XRP Security Or Not? Former SEC Official Reveals Shaky Ground
Key Points:
- The SEC sued Ripple Labs for an unregistered securities offering of over $1.3 billion in XRP.
- The Ripple decision categorized XRP sales into three categories and ruled XRP was a security when sold to institutional investors, but not to the public on exchanges.
- The decision has sparked controversy and raises questions about the classification of tokens as securities and SEC protection for retail investors.
The Ripple lawsuit has been a hot topic. The court ruled XRP was a security when sold to institutional investors, but not to the public on exchanges.
On December 22, 2020, the SEC sued Ripple Labs Inc. for conducting an unregistered securities offering of over $1.3 billion in XRP, Ripple’s native token. The lawsuit has been a hot topic in the cryptocurrency community, with many wondering whether XRP should be classified as a security.
Former SEC official John Reed Stark said that the XRP decision resides on shaky ground, the SEC is likely for appeal and will likely result in reversal. In the Ripple decision, the Court breaks down the Ripple offering into three categories and rules separately on each category: “Institutional sales,” “Programmatic sales,” and “Other Sales.”
With respect to category one, Ripple’s Institutional Sales of XRP to sophisticated individuals and entities pursuant to written contracts, the court held that XRP was a security when it was sold to institutional investors and thereby constituted an unlawful sale of securities. Those investors are therefore entitled to rescission, and Ripple must pay a penalty for the violation. The court also held that a jury will be needed to decide whether Ripple executives aided and abetted Ripple’s unregistered issuance.
With respect to category two, sales of XRP to the public (whom the Judge refers to as “programmatic buyers” on digital asset exchanges), the court held that XRP was no longer a security when the institutional investors or Ripple sold the XRP anonymously to exchanges because there was no actual privity between exchange customers and Ripple.
With respect to category three, “Other Distributions,” the Court concluded that Ripple’s Other Distributions did not constitute the offer and sale of investment contracts.
The Ripple decision is troubling on multiple fronts. The SEC’s position was that this was a traditional application of Howey, but the Ripple decision seems anathema to the SEC’s mission and authority. Moreover, the Ripple decision appears to declare that if any crypto-issuer sells their tokens through an exchange, then securities regulations do not apply because exchange customers are presumed to not know anything about the crypto-issuer.

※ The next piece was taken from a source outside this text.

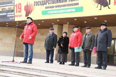 6 февраля 2016 года в Черкесске на Театральной площади республиканским комитетом КПРФ проведен митинг. Цель митинга – НЕ только участие во Всероссийской акции протеста против неэффективной государственной социально-экономической политики, проводимой в Российской Федерации. Главное - потребовать от властей России принять необходимые меры в связи с бедственным положением граждан из-за роста цен на товары первой необходимости, роста тарифов на услуги ЖКХ, роста безработицы, решения проблем наступившего кризиса за счет беднейшей част населения страны.

The Ripple Court seems to hold that if an issuer does not know who is buying their token and the purchasers do not know who is selling the token, then the token is not a security, even though the issuer used the proceeds from the original, initial sales of the token to fund the issuer’s operations.
The Ripple decision grants full SEC protection and all remedies that go along with SEC violations to institutional investors, but retail investors are not granted any SEC protection at all. This seems backward to say the least. The Ripple Court appears to distinguish the IPO and trading of Apple from the ICO and trading of a token.